If these parents are not forced to split up for the benefit of their children, why was I forced to leave? I can only surmise that I am forced to leave because my husband and I have decided that we should get divorced and therefore one of us has to go. The judge decided the children would be the subject of a SHARED RESIDENCY ORDER but are to live with their dad during the week.
Now, my husband and I both own the house. We both were living there. He has a job and an income and no health problem. I have no income, no job and Bipolar Disorder. Who has to go?
To me there is no logic in that argume: how can any person determine whether or not a child is suffering more harm from staying in a home where the parents are arguing than the harm suffered from forcibly removing their mother?
It strikes me that the only people who are truly able to judge the harm being suffered by the child is (a) the child and (b) a child psychologist. The people who are least able to judge the harm are (a) the parties’ respective lawyers and (b) the judge who has never met the children. Both sets of lawyers and the judge are hearing highly subjective views from me and my husband who both perceive the situation entirely differently.

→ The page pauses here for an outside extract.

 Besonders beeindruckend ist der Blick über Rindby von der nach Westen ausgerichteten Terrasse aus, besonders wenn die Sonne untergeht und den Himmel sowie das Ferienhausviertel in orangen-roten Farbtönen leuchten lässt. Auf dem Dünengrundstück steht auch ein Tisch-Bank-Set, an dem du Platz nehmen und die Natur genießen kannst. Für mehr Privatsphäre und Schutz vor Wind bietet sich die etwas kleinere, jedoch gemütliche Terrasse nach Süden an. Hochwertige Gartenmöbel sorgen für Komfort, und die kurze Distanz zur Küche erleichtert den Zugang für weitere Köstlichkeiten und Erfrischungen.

The Judge decided however that she is able to determine the question of how much harm a child is suffering purely on the evidence of the parents and of the other witnesses and no expert evidence is required. Now the problem with this view is that of the quality of the evidence which is as follows:
1. The husband’s witnesses – all highly subjective and non of them professionally qualified to determine a child’s psychological state.
2. The wife’s witnesses – equally as subjective and not professionally qualified.

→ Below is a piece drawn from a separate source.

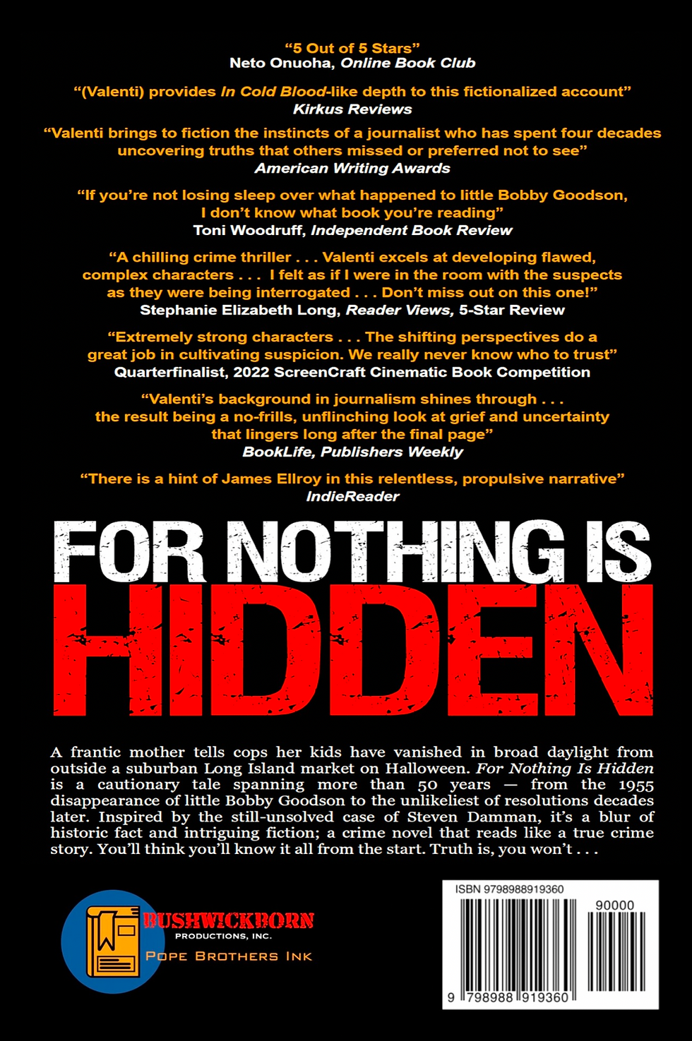Frustration. To be honest, I just got to the point where I was tired of seeing the unpublished manuscript on my desktop. I couldn’t find the right publisher — or, the right deal — and I’d gotten those reviews from Kirkus, Publishers Weekly and others, and the 70th anniversary of the real disappearance was looming. I had the book mocked up just to see how it might look. Finally, I just decided to go for broke — and release it under my own indie label. So, technically, it’s my second title under my own indie label. I purchased the ISBN numbers from Bowker. That means I’m an actual indie book publisher — and not a self-publisher. It’s a minor distinction, but one I’m proud of since I think the reviews have reaffirmed it’s a pretty good product. And, releasing it under my own indie imprint means I retain all rights — print, TV adaptation and movie — and that could loom large in the future, since I won’t have to share the majority of any of those profits with a standard publishing house [and, they take a LOT of that money] . . . So, I guess I figured it was worth the gamble. Believe in yourself, right?

3. Expert witnesses who are experts in the wife’s psychological state and not in the children’s psychological state.
4. The CAFCASS officer whose report the judge dismissed as being chronically under-researched.
So just WHO is able to say how the children are suffering or feeling???????????????????
If you ask the children, they would tell you that they want their mum to stay and that they don’t want a nanny looking after them. They would also tell you that they hate the arguing. Fair enough if you ask me. So what’s the solution?
According to the judge, the solution is to insist that I leave, regardless of where I go. Nowhere in the family law legislation does it provide that the children’s feelings and views should be heard by a qualified child psychologist. Why on earth not? Why does the law think that family members, teachers, neighbours etc would know better than a child psychologist as to how arguing is affecting a child? Family members are likely to be highly subjective and biased and not necessarily be able to see “the woods for the trees”. Surely a psychologist would be the most reliable source of evidence for a court: objective, skilled, experienced and professional.
This just isn’t the case. The legislation doesn’t provide for this. It leaves the entire decision making up to the judge with no recommendations/guidelines as to the use of a qualified child psychologist.
Extraordinary isn’t it? I have to keep repeating here that I am a lawyer. I am not a qualified child psychologist. The judge is a lawyer, she is not a qualified child psychologist. So how can she make that assessment????
Do please comment: What do you think? Should a judge be made to rely on a child psychology report rather than on his/her own knowledge of child psychology?